L9, 12 Radiology of the Thorax Flashcards
What does pneumothorax look on xray
You can see the border of the lung shrunk within the cavity.
What does pleural effusion look on xray
- can be due to heart failure, following pneumonia (pleurisy), cancer, or trauma from line placement
There is a meniscoid appearance at the bottom of the lung, instead of a sharp inferior border. It puts pressure on the heart and lungs.
What are types of growths on the outside of the lung
- Calcium plaque are dense small masses from chronic inflammation.
- Mesothelioma: irregular thickening of parietal pleura/mediastinal pleura.

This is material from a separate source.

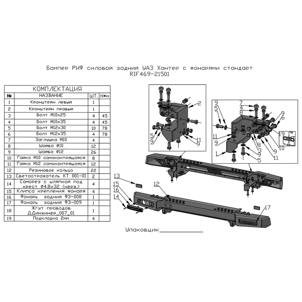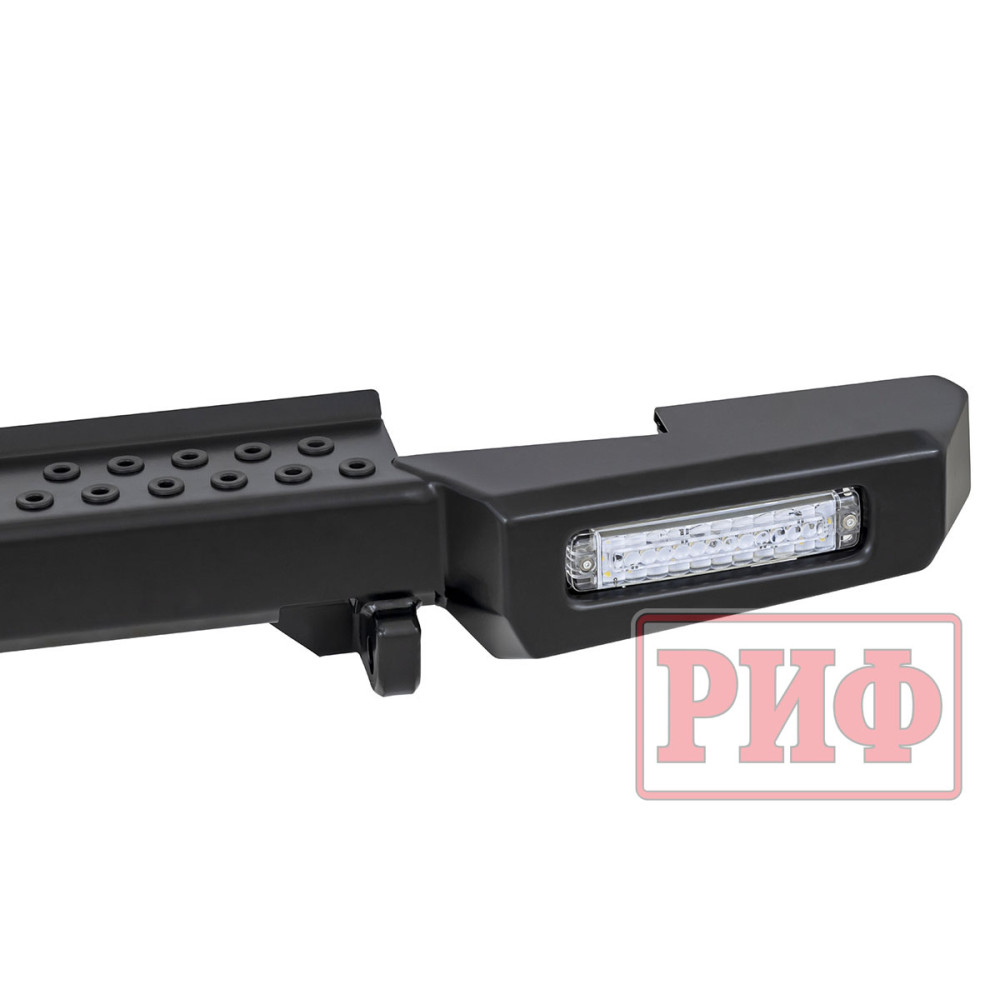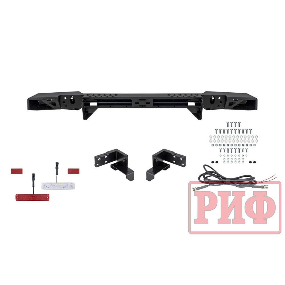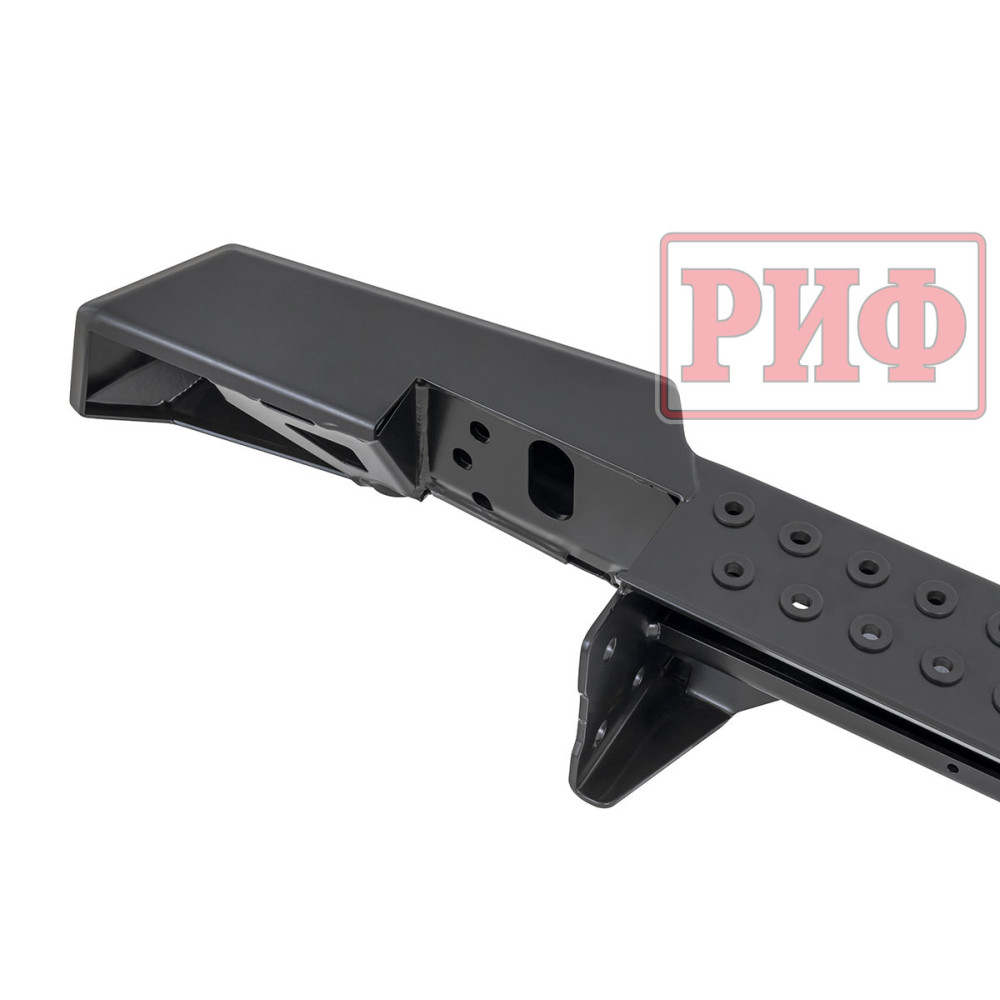 Задний силовой бампер РИФ надежно защитит кузов автомобиля на бездорожье или в городе в случае непредвиденных инцидентов. Бампер оборудован упорами под хай джек и буксирными проушинами для работы с рывковой или буксировочной стропой.

No effect on the ribs but constriction of the hemithorax.
- Lymphadenopathy of mediastinum
- Neurofibroma: arising from intercostal nerves erroding ribs
How can you tell if a mass is pulmonary or extrapulmonary
Pulmonary:
- lung makes acute angles between lesion and chest wall.
- May have fuzzy margins, may have air bronchiograms
Extrapulmonary
- Lung makes obtuse angles
- sharp margins: have a layer of pleura over it. - Tumour is out of the boundary of the lung
What are signs associated with pneumonia vs cancer
Both: shortness of breath
Pneumonia: productive cough, fever, viral infection acute, increased WBC, CRP
Cancer: weight loss, coughing blood, smoking, chronic
Compare the appearance of cancer vs pneumonia
Pneumonia is poorly defined, within the lung. There are air bronchiograms: black branching structures because there is pus in the surrounding lung tissue. Round mass in younger people.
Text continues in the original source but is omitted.